И вдруг… Случилось что-то необъяснимое, почти сверхъестественное. Мышастый дог внезапно грохнулся на спину, и какая-то невидимая сила повлекла его с тротуара. Вслед за этим та же невидимая сила плотно охватила горло изумлённого Джека… Джек упёрся передними ногами и яростно замотал головой. Но незримое «что-то» так стиснуло его шею, что коричневый пойнтер лишился сознания.

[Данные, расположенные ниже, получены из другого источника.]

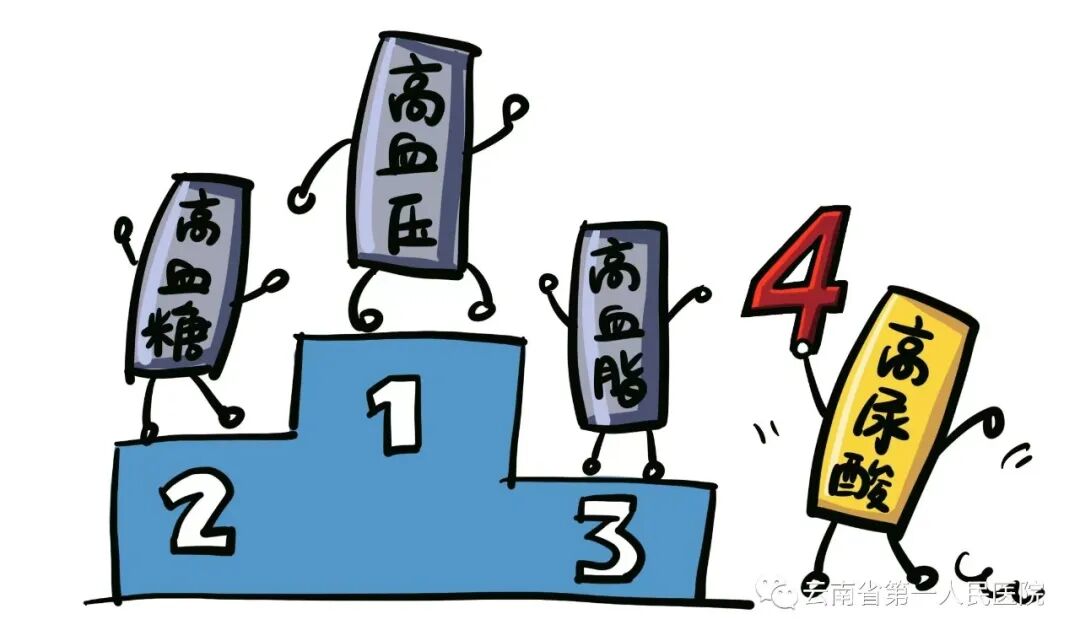 根据现有数据显示,只有5%—10%的高尿酸血症会发展为痛风,所以痛风只是高尿酸血症的冰山一角,长期血尿酸增高会对人体多个系统有不同程度的影响,无症状高尿酸血症虽然没有显著关节症状,但其危害性是潜在的和持续性的,长期高尿酸血症对机体其他脏器的影响更大。 •痛风 高尿酸血症是痛风的罪魁祸首,痛风患病率随着血尿酸水平的升高而升高,痛风的主要表现有:痛风性关节炎、痛风石沉积及痛风性肾病等。 •心脑血管疾病 可溶性尿酸增高时会损害血管内皮功能,多项国内外临床研究表明:血尿酸水平是急性心肌梗死、脑卒中和所有心血管事件的独立危险因素:血尿酸每升高86μmol/L预测心血管事件的能力高于总胆固醇升高1.078mmol/L和血压升高21.3mmHg。高尿酸血症也是急、慢性心力衰竭死亡的独立预测指标。 •肾脏疾病 高尿酸血症也会持续对肾脏功能造成损伤,包括慢性尿酸盐肾病、肾结石、肾功能衰竭等肾病。 •代谢综合征 高尿酸血症与肥胖、高血压、血脂异常、高血糖症、冠心病及胰岛素抵抗等代谢综合征密切相关,是2型糖尿病发生发展的独立危险因素。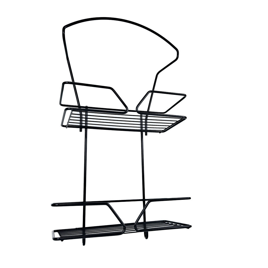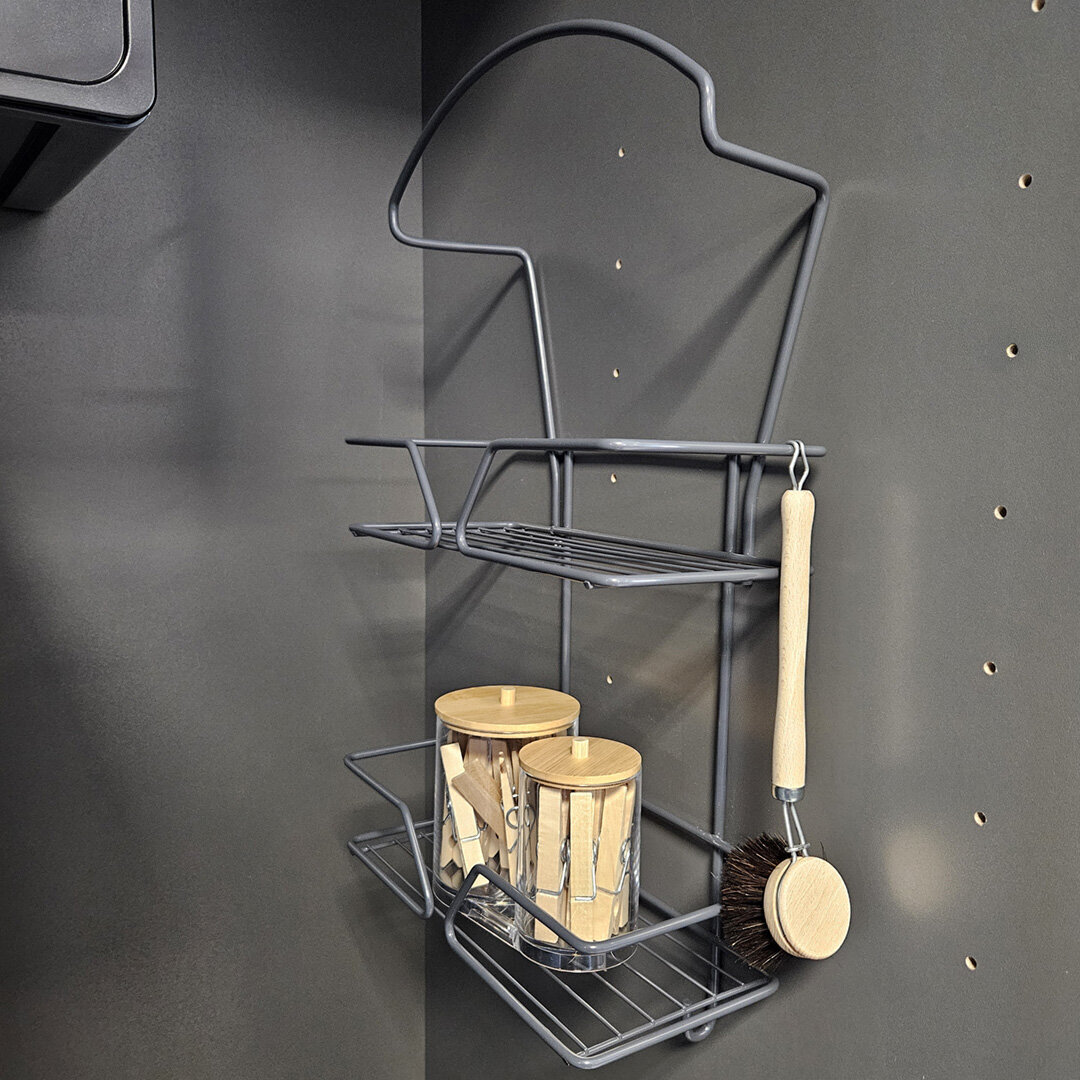 Antrasiitin värinen lankahyllykkö siivouvälineille. Siivousvälinetelineessä on paikka imuriletkulle, kaksi tarvikehyllyä ja kaksi koukkua. Kätevä säilytysratkaisu siivoustarvikkeille.

Он пришёл в себя в тесной железной клетке, которая тряслась по камням мостовой, дребезжа всеми своими плохо свинченными частями. По острому собачьему запаху Джек тотчас же догадался, что клетка уже много лет служила помещением для собак всех возрастов и пород. На козлах впереди клетки сидели два человека наружности, не внушавшей никакого доверия.
В клетке уже собралось довольно многочисленное общество. Прежде всего Джек заметил мышастого дога, с которым он чуть не поссорился на улице. Дог стоял, уткнувши морду между двумя железными палками, и жалобно повизгивал, между тем как его тело качалось взад и вперёд от тряски. Посредине клетки лежал, вытянувши умную морду между ревматическими лапами, старый белый пудель, выстриженный наподобие льва, с кисточками на коленках и на конце хвоста. Пудель, по-видимому, относился к своему положению с философским стоицизмом, и, если бы не вздыхал изредка и не помаргивал бровями, можно было бы подумать, что он спит. Рядом с ним сидела, дрожа от утреннего холода и волнения, хорошенькая, выхоленная левретка с длинными, тонкими ножками и остренькой мордочкой. Время от времени она нервно зевала, свивая при этом трубочкой свой розовый язычок и сопровождая каждый зевок длинным тонким визгом… Ближе к заднему концу клетки плотно прижалась к решётке чёрная гладкая такса с жёлтыми подпалинами на груди и бровях. Она никак не могла оправиться от изумления, которое придавало необыкновенно комичный вид её длинному, на вывороченных низких лапах, туловищу крокодила и серьёзной мордочке с ушами, чуть не волочившимися по полу.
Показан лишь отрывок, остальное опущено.